Princeton professor Martin Gilens

Princeton
Princeton professor Martin Gilens

Wait a minute (you may be thinking), 30 percent isn’t nothing; what about that “not a whit” stuff? But here’s the kicker. The policies that became law, that had the support of the majority of Americans, in all cases also had the support of the economic elite or of powerful lobbies or both.

There were plenty of cases in which policies supported by the wealthy or the big lobbies became law even though they were opposed by the popular majority. (He mentioned a few, including the North American Free Trade Agreement, the Bush tax cuts and the 1999 repeal of the Glass-Steagall law — which was widely blamed for facilitating the economic collapse of 2007-8 — that were adopted even though they were opposed by the majority of Americans.)

But they found no cases in which a policy with majority support was adopted without additional support by wealthy Americans or organized influence. That’s the key to Gilens’ statement that “only people with money or organized influence matter.”

It takes money to win

But how can that be true when no one can get into political office without popular support, usually majority support? You don’t have to be a super-cynic to know where Gilens goes with that question. It takes money to get elected. On average, he said, $1 million to win a seat in the U.S. House, $10 million in the Senate. In the last presidential election, more than $1 billion was spent by or on behalf of each of the major-party presidential campaigns.

Maybe you’re used to that so it doesn’t surprise you, but how about this one: Wealthy donors, comprising less than .01 percent of the population (that’s not 1 percent — that’s one one-hundredth of 1 percent) accounted for 40 percent of all political contributions in 2012, Gilens said. (All those donors could fit inside Target stadium, he said— but, of course, they may not all be Twins fans.)
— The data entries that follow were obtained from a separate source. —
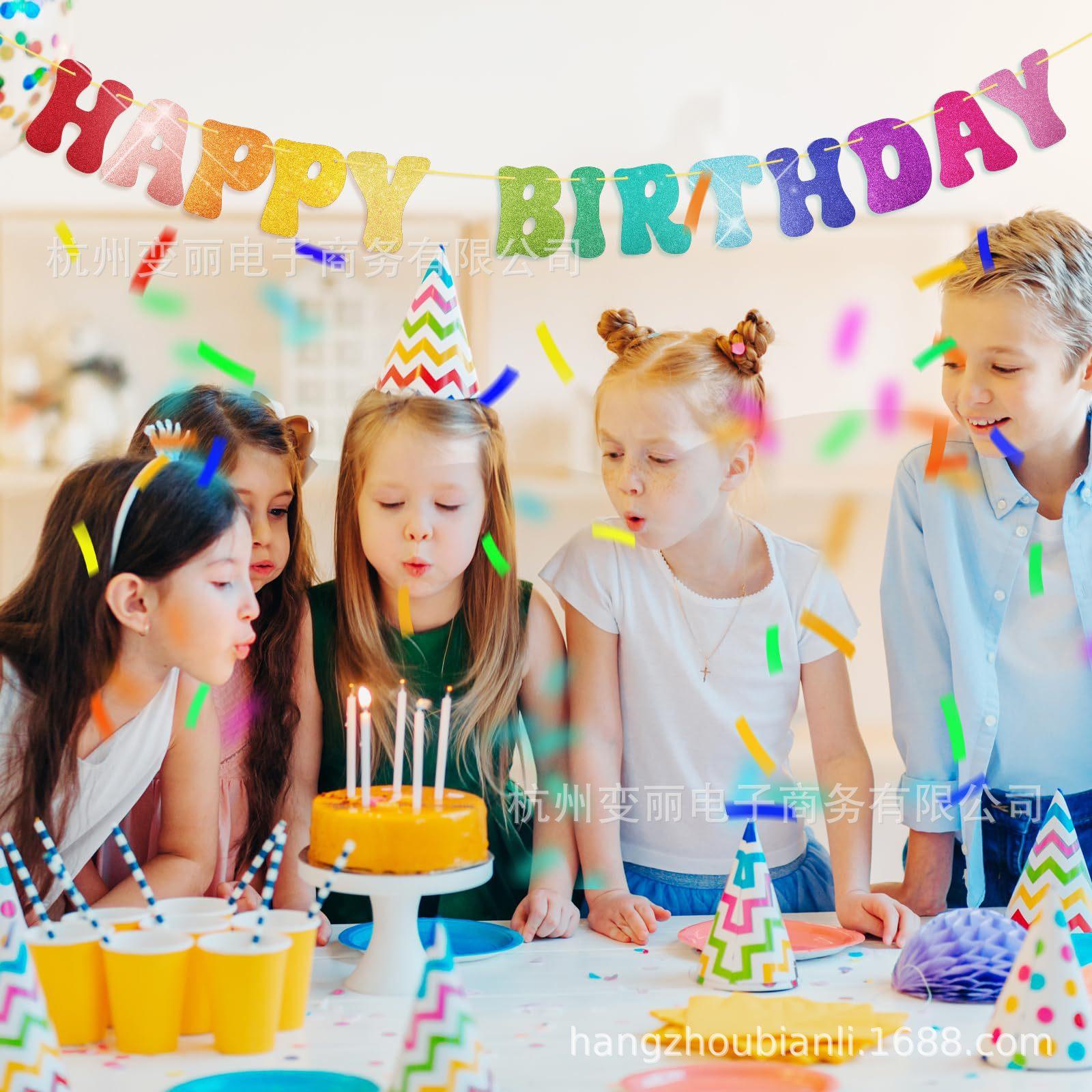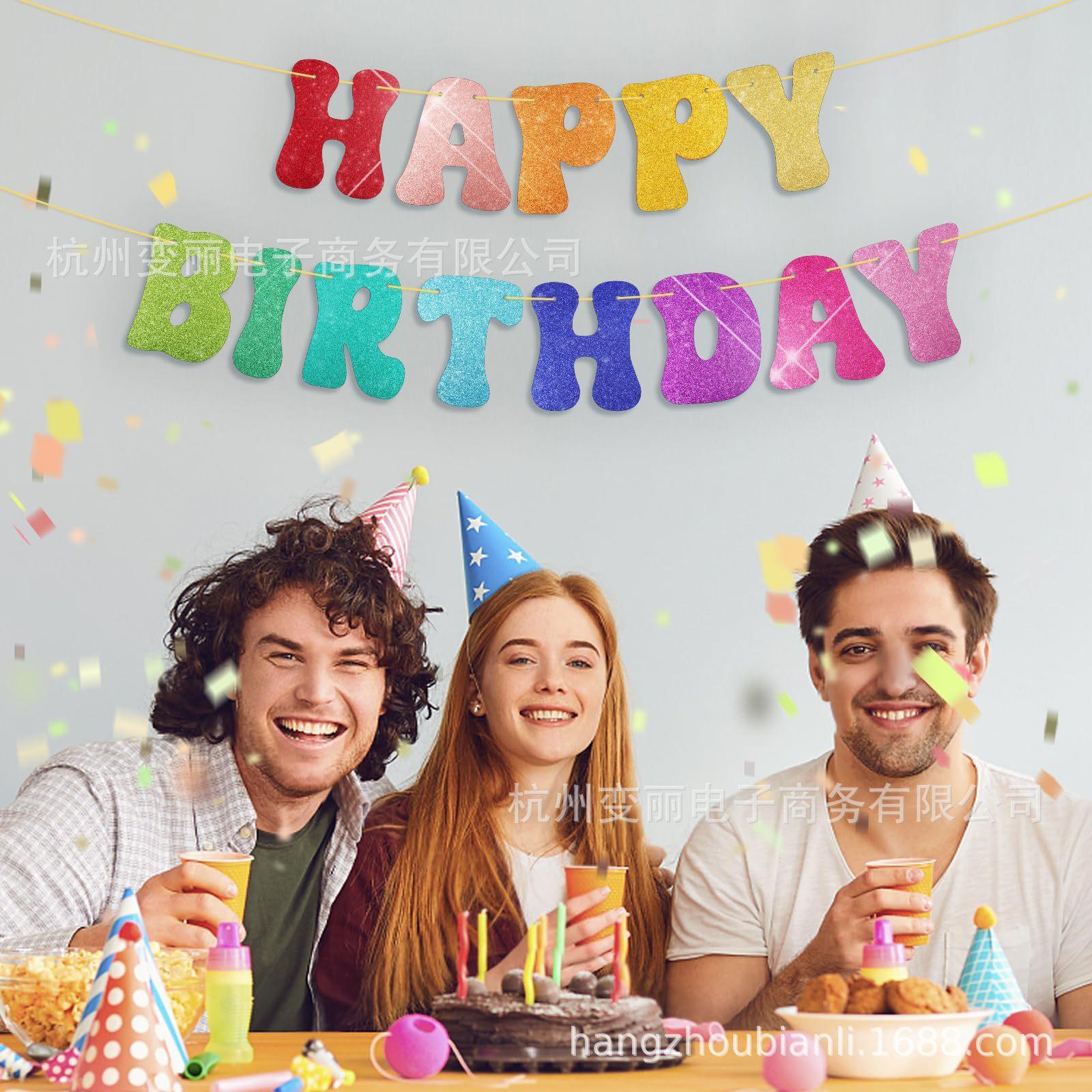 Bandera de feliz cumpleaños con purpurina, papel brillante, flores coloridas, decoración para fiesta de cumpleaños
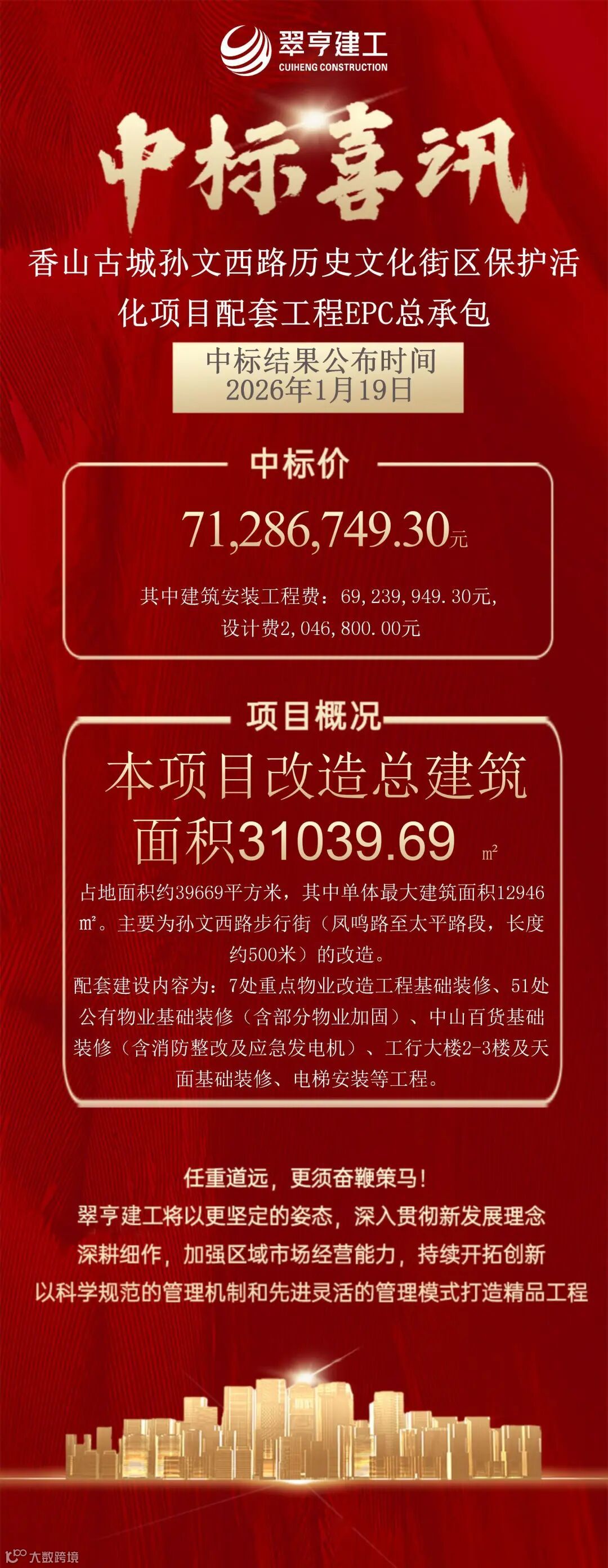 1月19日,翠亨建工成功中标“香山古城孙文西路历史文化街区保护活化项目配套工程EPC总承包”项目,中标金额7128.67万元。该项目改造总建筑面积约3.1万平方米,重点对孙文西路步行街段进行系统性修缮与活化,涵盖多处历史建筑改造、结构加固及整体功能提升。
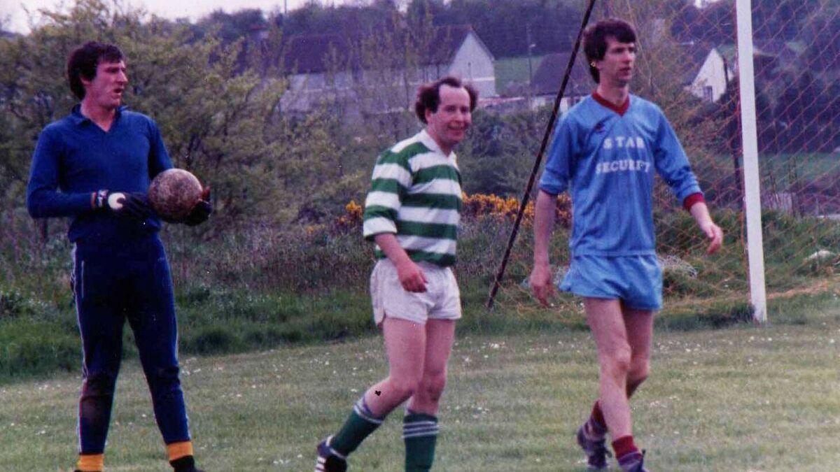 Roches Stores’ Man of the Match keeper Liam O’Callaghan prepares to set up another attack during the Byrne Cup final on Sunday, May 18, 1986 as Finbarr O’Brien (Roches) and John Reid (Postal Workers) await developments. Picture: Sean O’Neill.
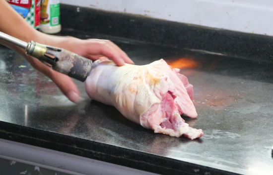1、把准备好的猪肘子先用喷枪修一下皮,把毛烫掉,再用刀刮干净,清洗干净。(可以提前在卖猪肉的老板那里处理好)

Who gives how much to campaigns has long been an issue, but in the post-Citizens United era, Gilens said, most of the money isn’t even raised and spent by the campaigns. In 2012, more than $1 billion of political spending was done by SuperPACs and other unaccountable groups who don’t even give to campaigns. Of SuperPAC money, he said, 93 percent came from just 3,318 wealthy people. Fifty-nine percent of it came from just 159 people, which he called “a shocking concentration” of political giving that “shows no signs of letting up.”

“Political and economic power has become concentrated in the hands of fewer and fewer people,” Gilens said, and if that trend continues “we’ll have a democracy in name only.”